Swinging from post-explosion Beirut to a Parc-Extension balcony in summer, the verse and prose poems in The Good Arabs ground the reader in place, language, and the body. Peeling and rinsing radishes. Dancing as a pre-teen to Nancy Ajram. Being drenched in stares on the city bus. The collection is an interlocking and rich offering of the speaker's communities, geographical surroundings both expansive and precise, and family both biological and chosen.

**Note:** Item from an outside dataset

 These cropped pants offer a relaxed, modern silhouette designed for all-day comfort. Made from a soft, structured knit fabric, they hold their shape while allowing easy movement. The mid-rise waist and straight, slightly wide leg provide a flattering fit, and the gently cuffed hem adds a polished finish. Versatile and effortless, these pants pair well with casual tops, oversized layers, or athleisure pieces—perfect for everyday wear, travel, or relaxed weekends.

The Good Arabs gifts the reader with insight into cycles and repetition in ourselves and our broken nations. This genre-defying collection maps Arab and trans identity through the immensity of experience felt in one body, the sorrow of citizens let down by their countries, and the garbage crisis in Lebanon. Ultimately, it shows how we might love amid dismay, adore the pungent and the ugly, and exist in our multiplicity across spaces.

About the author

Eli Tareq El Bechelany-Lynch is a queer Arab poet living in Tio'tia:ke, unceded Kanien'kehá:ka
territory. Their work has appeared in The Best Canadian Poetry 2018 anthology, GUTS, Carte
Blanche, the Shade Journal, The New Quarterly, Arc Poetry Magazine, and elsewhere. They
were longlisted for the CBC poetry prize in 2019. You can find them on Instagram and Twitter
@theonlyelitareq. Their book knot body was published by Metatron Press in September 2020. The Good Arabs is their second poetry collection.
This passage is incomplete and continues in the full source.